Eine ältere Frau hat in Anwesenheit von Sohn, Schwiegertochter und Enkelkind einen diabetischen Schock erlitten. Kein schöner Anblick für den etwa zehnjährigen Jungen. Ein Kollege zieht ihn deshalb raus aus der Situation und setzt sich gemeinsam mit dem Kind zu uns. Schnell hat jemand seine dicke Jacke über den zitternden kleinen Kerl geworfen. In einem liebevollen Ton spricht ein anderer Helfer, selbst Familienvater, auf den Jungen ein. Er zeigt Fotos seiner eigenen Kinder und mit jedem Wort entspannt sich der Kleine mehr. Als sein Vater ihn schließlich dankbar abholt, kann der Junge schon wieder lächeln.
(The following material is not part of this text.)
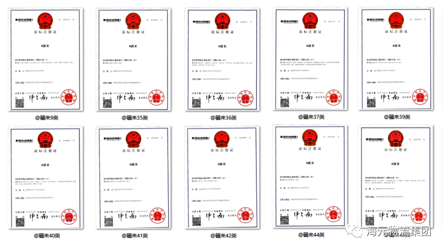 古时打仗讲究兵马未动粮草先行。现代商战也是一样,孔子曰:名不正,则言不顺;言不顺,则事不成。业务还没开展,先保护知识产权。因此,公司抢先注册了“@疆来”商标。“@疆来”是海元物流集团在新疆阿克苏打造占地5000多亩的海元物流商城过程中,根据项目运营需求而注册的优质品牌综合服务平台商标,专业从事国家商标法规定的商品及服务项目种类中的11大类110项服务。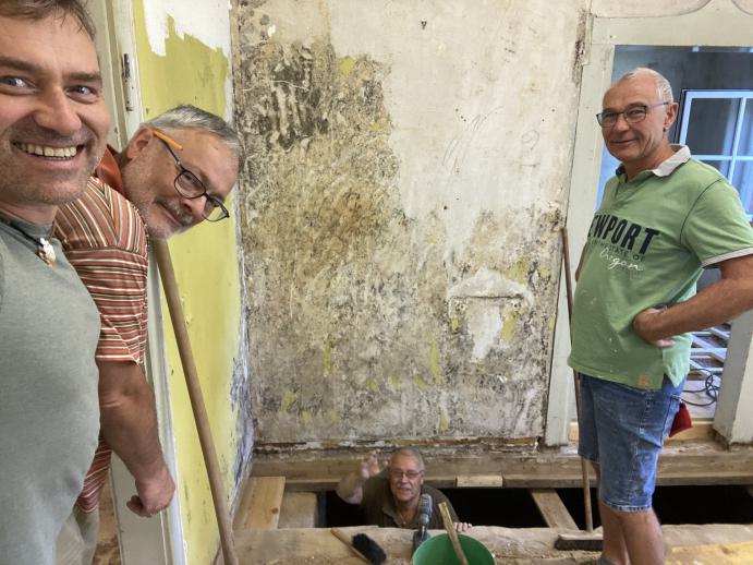 Aufgrund des schlechten Zustands mussten im Erdgeschoss die beiden nordwestlichen Räume komplett saniert werden. Der Fussboden wurde erneuert.

Denn der Oma geht es mittlerweile wieder besser. Dennoch musste auch sie sicherheitshalber zum Krankenhaus gebracht werden. Diesmal ohne Tatütata.
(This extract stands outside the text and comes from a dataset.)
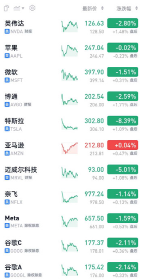 【重仓涨跌】昨日美股三大股指涨跌互现,华宝纳斯达克精选前十大重仓股1涨9跌,美元兑人民币中间价↑0.01%(重仓股涨跌情况仅供参考,不代表当前基金业绩表现,还请以每日更新的实际基金净值为准)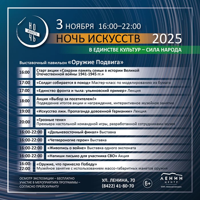 Другая акция «Выбор за посетителем» в 18.00, напротив, подойдет к своему завершению. Суть ее в выборе читателями социальных сетей одной из трёх картин о Великой Отечественной войне, которая по результатам народного голосования будет представлена на выставке одного экспоната. Для каждой из картин подготовлено отдельное интерактивное занятие. Среди участников голосования и посетителей будет проведен розыгрыш призов. Участие в этих мероприятиях-акциях бесплатно для всех посетителей. Конечно, вечер в выставочном павильоне традиционно сложно представить без лектория: в 17.00 слушателей ждёт лекция «Единство фронта и тыла. Ульяновский пример», в 19.00 – лекция «Искусство лжи. Пропаганда довоенной Германии», где посетителям представят новейшие поступления, новые экспонаты музея. Для детей сотрудники музея подготовили в 17.00 мастер-класс по моделированию из бумаги «Солдат собирается в поход». Детям и молодежи будет интересна премьера настольной игры «Грозные тени», участие в этой игре бесплатно для посетителей. В этот вечер в музее можно будет увидеть выставку реконструкторов «Военная медицина», выставки от Музея Победы «Дальневосточный финал» и «Четвероногие герои», выставку одного экспоната в рамках акции «Выбор за посетителем».

„Du bist ja blöd, dass du das umsonst machst.“

Von all dem merken die Besucher der Beachparty an diesem Abend nichts. Und so soll es ja auch sein. Darüber, so denke ich, vergessen wir aber, wie wertvoll die Arbeit der drei Dutzend ehrenamtlichen Helfer heute tatsächlich war. Was, wenn all diese Frauen und Männer irgendwann aufhören, ihre Freizeit für andere zu opfern? Weil sie es satthaben, dafür auch noch angepöbelt und angegriffen zu werden. Weil sie es nicht mehr hören können, dass andere sie wegen ihrer vermeintlichen Gutmütigkeit verlachen. „Du bist ja blöd, dass du das umsonst machst“, haben sie hier alle schon gehört von Freunden und Verwandten, die nicht gerne etwas für andere tun. Ob sich diese Menschen einmal überlegt haben, dass viele Veranstaltungen abgesagt werden müssten, wenn es die ehrenamtlichen Helfer im Rettungsdienst nicht gäbe?

Wie Eltern, die über ihre schlafenden Kinder wachen, lassen wir die Blicke schweifen.
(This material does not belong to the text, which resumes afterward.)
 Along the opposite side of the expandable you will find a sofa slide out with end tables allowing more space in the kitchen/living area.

„Du musst schon positiv bekloppt sein. Sonst machst du das hier nicht“, erzählt mir Uta Riedel als wir später wieder hinter der Bühne stehen. Wie Eltern, die über ihre schlafenden Kinder wachen, lassen wir die Blicke schweifen. Schon mittags hat Uta ihre Schicht begonnen mit Kaffeekochen und Brötchen schmieren. Wie die anderen geht sie erst, wenn der letzte Besucher das Gelände verlassen hat. Dann fährt sie die so genannten Einsatzmittel zurück in die Zentrale. Richtig aufgeräumt wird morgen. Am Sonntag. Dennoch kommt der letzte Helfer erst gegen vier Uhr morgens ins Bett. „Und obwohl das alles so stressig ist, kannst du davon ausgehen, dass morgen schon wieder gefragt wird, wann wir wohl den nächsten Einsatz haben“, lacht Uta und wartet darauf, dass sie gebraucht wird.

 

Dies ist eine Reportage über meinen Einsatz mit dem Deutschen Roten Kreuz (DRK) bei der Beachparty 2017 in Kamp-Lintfort. Der Text ist deshalb subjektiv, beschreibt ausschließlich meine Beobachtungen und verzichtet – getreu den Regeln des Genres– auf Bewertungen und Kommentare. Mindestens zwei Mal im Jahr versuche ich, in meinem Wahlkreis einen Tag lang zu malochen. Das habe ich unter anderem schon auf dem Bau,  beim Spargelstechen, in der Großbäckerei Büsch, bei Amazon und McDonald’s getan sowie bei der Polizei und in einem Seniorenheim.